# Contingency and the intersection of two events.

#### Kruisman

Hi everybody,

Here is my problem:

I am being asked to solve P(R|C). C=number of patients who have completed treatment, and R=number of return patients. However, my understanding is that I need to know the intersection of P(C) and P(R) in order to solve P(R|C). But, to solve for the intersection, I need to know P(R|C). Is there a way to determine one without knowing the other?

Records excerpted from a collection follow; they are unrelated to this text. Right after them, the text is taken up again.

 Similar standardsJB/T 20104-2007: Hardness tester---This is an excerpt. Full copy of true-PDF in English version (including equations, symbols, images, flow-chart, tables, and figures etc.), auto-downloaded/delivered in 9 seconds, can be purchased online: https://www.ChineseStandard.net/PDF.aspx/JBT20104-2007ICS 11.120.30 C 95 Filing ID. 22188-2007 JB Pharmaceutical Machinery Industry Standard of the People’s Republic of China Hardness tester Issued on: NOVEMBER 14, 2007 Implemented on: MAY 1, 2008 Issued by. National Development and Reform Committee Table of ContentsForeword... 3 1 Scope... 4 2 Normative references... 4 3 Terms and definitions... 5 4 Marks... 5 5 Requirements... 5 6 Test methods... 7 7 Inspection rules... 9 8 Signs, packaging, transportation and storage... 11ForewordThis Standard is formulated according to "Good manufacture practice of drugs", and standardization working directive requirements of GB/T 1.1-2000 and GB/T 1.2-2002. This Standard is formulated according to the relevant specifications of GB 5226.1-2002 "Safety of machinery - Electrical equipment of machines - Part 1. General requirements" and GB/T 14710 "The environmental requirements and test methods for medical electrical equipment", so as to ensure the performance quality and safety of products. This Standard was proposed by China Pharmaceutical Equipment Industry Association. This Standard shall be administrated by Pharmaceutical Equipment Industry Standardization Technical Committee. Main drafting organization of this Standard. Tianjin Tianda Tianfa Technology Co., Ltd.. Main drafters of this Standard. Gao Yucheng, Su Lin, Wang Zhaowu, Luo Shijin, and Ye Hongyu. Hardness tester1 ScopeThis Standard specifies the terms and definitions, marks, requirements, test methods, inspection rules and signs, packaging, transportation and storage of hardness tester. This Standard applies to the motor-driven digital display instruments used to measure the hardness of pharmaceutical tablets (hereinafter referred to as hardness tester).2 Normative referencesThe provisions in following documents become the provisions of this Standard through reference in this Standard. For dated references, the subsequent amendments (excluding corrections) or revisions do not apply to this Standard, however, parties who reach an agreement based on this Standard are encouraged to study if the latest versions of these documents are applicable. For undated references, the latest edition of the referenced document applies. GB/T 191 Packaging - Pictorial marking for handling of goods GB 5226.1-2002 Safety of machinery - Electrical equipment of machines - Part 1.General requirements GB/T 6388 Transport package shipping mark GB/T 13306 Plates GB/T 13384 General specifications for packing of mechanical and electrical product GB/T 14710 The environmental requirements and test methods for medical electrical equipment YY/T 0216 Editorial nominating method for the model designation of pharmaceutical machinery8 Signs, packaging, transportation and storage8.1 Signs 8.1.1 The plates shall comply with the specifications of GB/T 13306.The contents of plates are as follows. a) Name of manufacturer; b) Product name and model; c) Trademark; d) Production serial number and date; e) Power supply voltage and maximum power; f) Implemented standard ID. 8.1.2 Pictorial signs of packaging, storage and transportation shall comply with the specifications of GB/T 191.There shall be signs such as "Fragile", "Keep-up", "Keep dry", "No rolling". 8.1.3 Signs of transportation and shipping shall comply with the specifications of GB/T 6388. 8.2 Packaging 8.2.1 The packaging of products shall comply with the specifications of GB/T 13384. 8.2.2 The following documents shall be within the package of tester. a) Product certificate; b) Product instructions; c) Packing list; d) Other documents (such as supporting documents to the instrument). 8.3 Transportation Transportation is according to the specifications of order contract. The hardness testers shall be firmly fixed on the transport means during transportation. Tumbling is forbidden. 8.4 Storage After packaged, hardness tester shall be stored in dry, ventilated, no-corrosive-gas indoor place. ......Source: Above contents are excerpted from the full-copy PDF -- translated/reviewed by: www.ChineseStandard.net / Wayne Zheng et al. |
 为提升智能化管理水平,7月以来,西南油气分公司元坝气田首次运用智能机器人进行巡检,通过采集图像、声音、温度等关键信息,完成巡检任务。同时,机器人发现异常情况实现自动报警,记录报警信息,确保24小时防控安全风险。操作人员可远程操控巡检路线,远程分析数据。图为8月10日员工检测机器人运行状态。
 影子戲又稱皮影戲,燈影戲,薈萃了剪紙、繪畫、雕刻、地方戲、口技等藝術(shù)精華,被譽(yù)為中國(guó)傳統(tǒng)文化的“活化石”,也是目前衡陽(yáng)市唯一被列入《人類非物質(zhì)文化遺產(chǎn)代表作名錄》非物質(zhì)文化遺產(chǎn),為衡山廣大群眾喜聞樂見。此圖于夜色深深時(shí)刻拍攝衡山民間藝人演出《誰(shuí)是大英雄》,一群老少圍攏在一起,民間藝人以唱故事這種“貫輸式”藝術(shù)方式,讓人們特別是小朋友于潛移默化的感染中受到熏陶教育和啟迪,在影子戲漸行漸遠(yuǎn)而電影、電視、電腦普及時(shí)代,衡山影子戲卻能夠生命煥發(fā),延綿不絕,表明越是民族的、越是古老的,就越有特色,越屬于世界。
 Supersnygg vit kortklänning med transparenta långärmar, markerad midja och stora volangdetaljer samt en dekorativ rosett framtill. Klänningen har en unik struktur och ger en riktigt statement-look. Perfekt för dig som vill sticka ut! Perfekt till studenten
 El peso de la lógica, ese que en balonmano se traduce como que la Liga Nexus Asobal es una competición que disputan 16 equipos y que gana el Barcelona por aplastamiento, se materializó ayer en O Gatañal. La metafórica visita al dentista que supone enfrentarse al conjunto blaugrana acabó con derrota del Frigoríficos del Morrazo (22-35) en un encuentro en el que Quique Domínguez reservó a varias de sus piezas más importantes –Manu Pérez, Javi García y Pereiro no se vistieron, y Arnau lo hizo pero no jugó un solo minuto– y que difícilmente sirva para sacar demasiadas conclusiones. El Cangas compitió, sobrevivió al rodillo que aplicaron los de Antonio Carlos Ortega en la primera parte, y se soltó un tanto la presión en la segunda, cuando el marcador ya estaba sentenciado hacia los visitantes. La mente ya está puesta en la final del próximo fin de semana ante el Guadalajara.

 Doctor Number Patients Treated Treatment Completed Return Patients P(Completed) P(Return) P(R|C) Dr. Jim 2541 2134 704 0.8398268398 0.2770562771 ?

#### johng

For any events $R$ and $C$, $$P(R|C)={P(R)\over P(R\cap C)}\text{ here of course }P(R\cap C)\neq 0$$
So the computation of the conditional probability requires knowing the probability of the intersection of the events.
For your problem, with the stated probabilities, it must be true that $P(R\cup C)=1$; that is, the union of R and C is the entire population space. Now
$$P(R\cup C)=P(R)+P(C)-P(R\cap C)\text{ or }P(R\cap C)=P(R)+P(C)-1$$
I'll let you do the arithmetic.

#### Kruisman

Thank you johng. This was a big help. I thought of this option, but was unable to confirm that it was a good one. Thanks again!!